#### REQUIRED ACTION
In the answer, each line from the top of the material through the line that contains "Read the seasonal" is restated exactly. No picture is given again.

#### RECORDED INFORMATION
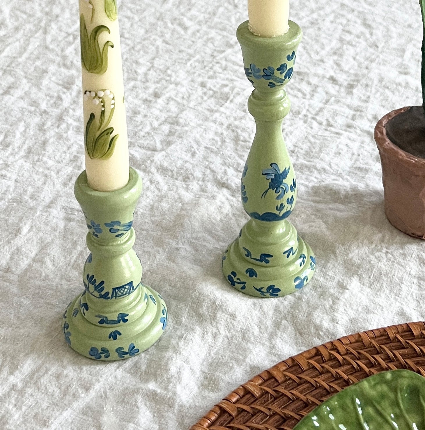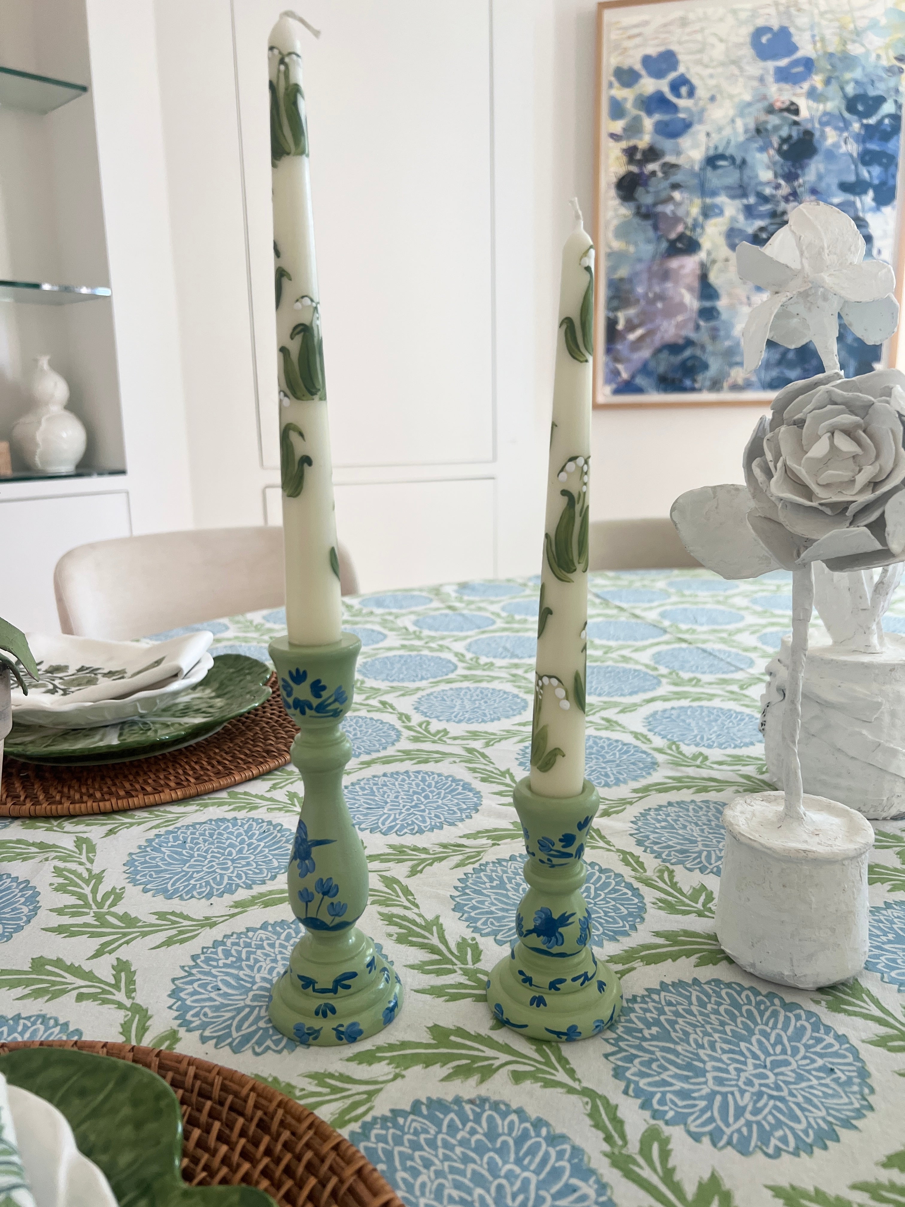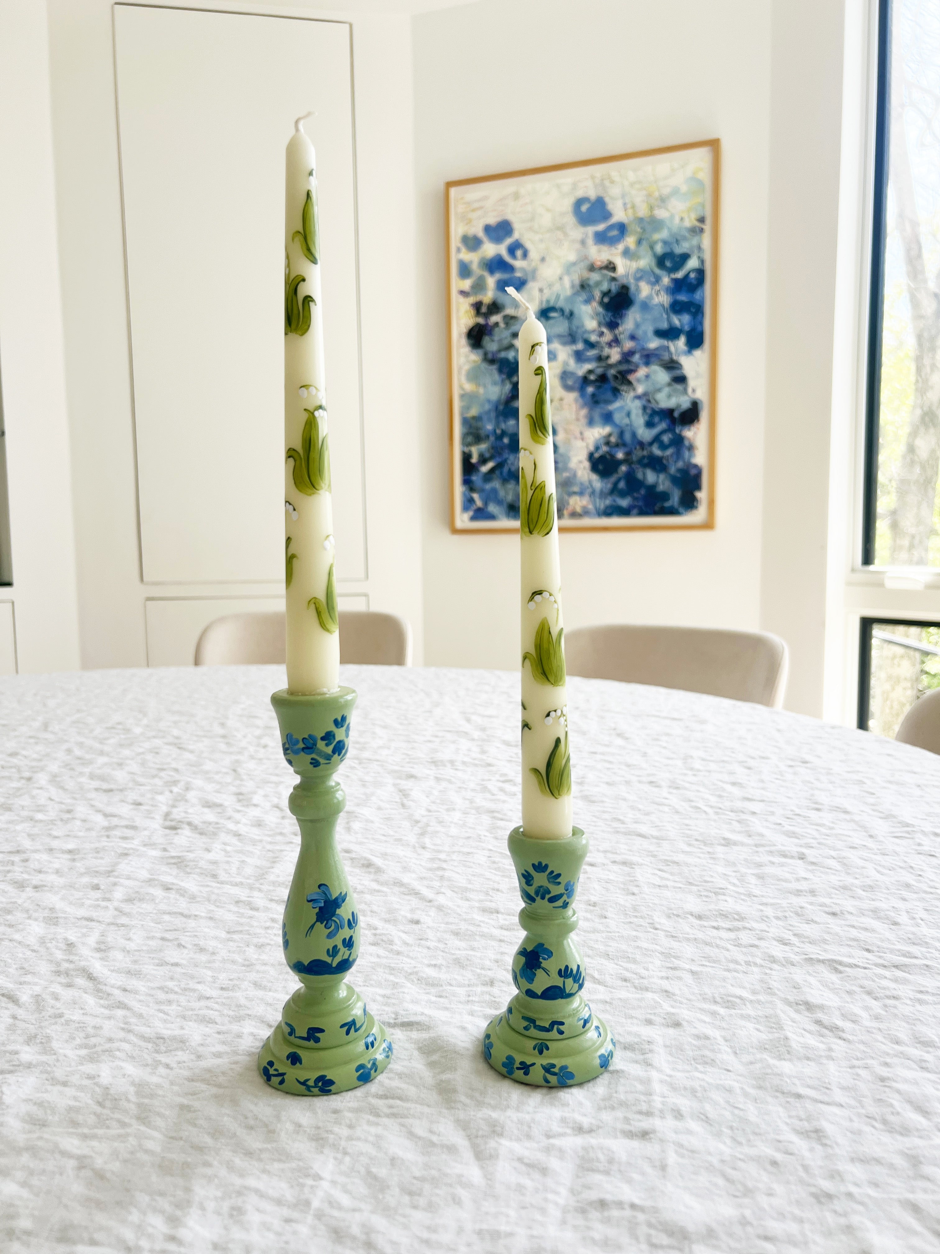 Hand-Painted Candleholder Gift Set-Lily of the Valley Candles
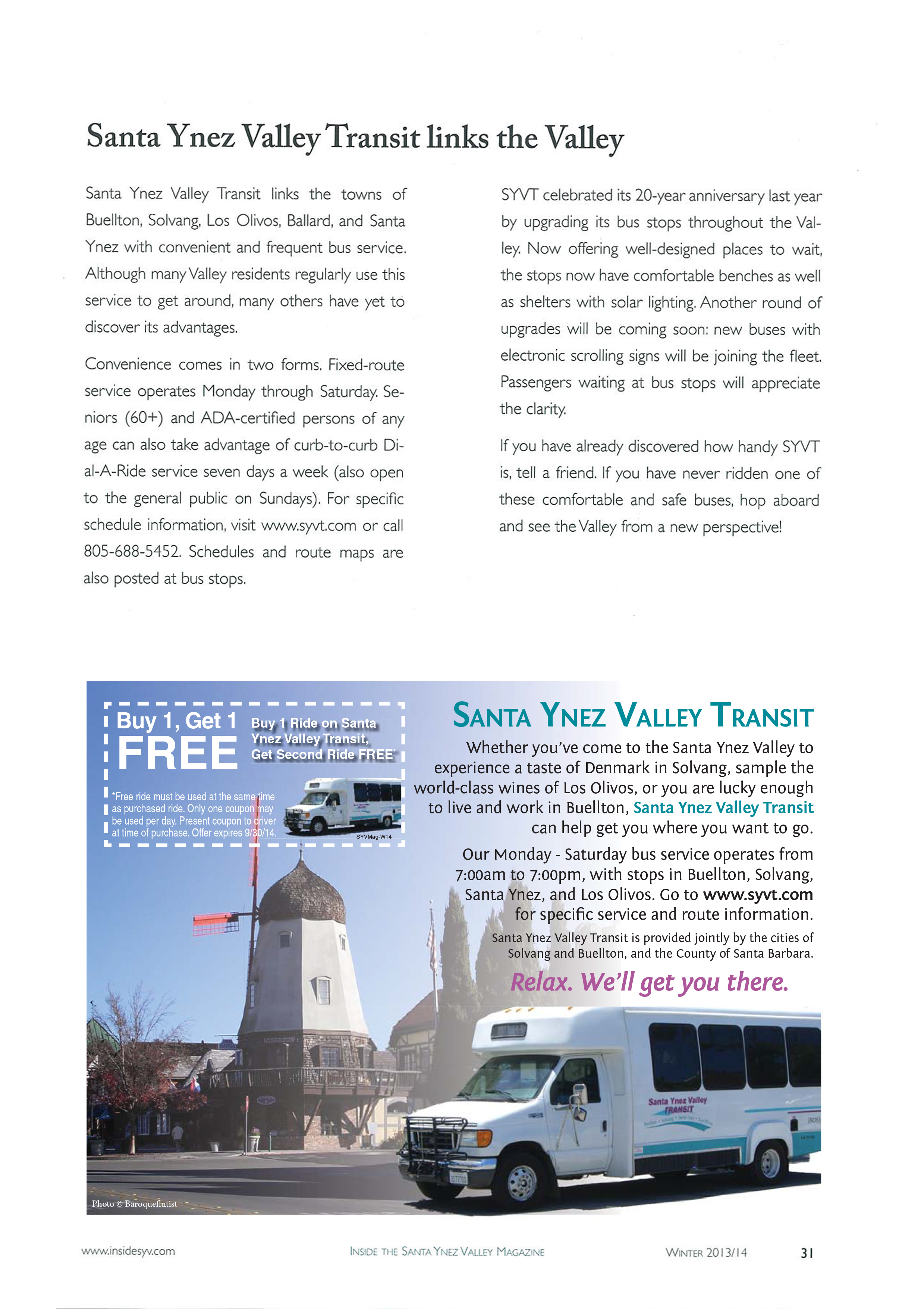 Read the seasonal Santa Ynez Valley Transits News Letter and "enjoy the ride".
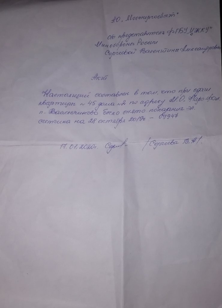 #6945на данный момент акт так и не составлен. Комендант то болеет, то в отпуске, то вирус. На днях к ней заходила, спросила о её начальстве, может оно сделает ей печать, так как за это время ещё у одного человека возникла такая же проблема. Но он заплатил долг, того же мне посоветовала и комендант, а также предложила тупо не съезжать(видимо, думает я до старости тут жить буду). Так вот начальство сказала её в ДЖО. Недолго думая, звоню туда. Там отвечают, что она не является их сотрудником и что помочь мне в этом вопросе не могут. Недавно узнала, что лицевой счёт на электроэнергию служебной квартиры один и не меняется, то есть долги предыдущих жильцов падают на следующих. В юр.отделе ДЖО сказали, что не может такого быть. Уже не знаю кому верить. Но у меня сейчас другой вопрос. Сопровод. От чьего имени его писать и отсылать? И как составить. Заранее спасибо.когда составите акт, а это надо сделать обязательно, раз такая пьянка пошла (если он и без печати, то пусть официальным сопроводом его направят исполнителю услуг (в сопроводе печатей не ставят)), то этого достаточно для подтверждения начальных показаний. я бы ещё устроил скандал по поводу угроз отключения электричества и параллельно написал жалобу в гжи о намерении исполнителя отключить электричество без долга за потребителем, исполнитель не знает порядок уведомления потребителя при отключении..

#### ANSWER BELOW
 Hand-Painted Candleholder Gift Set-Lily of the Valley Candles
 Read the seasonal Santa Ynez Valley Transits News Letter and "enjoy the ride".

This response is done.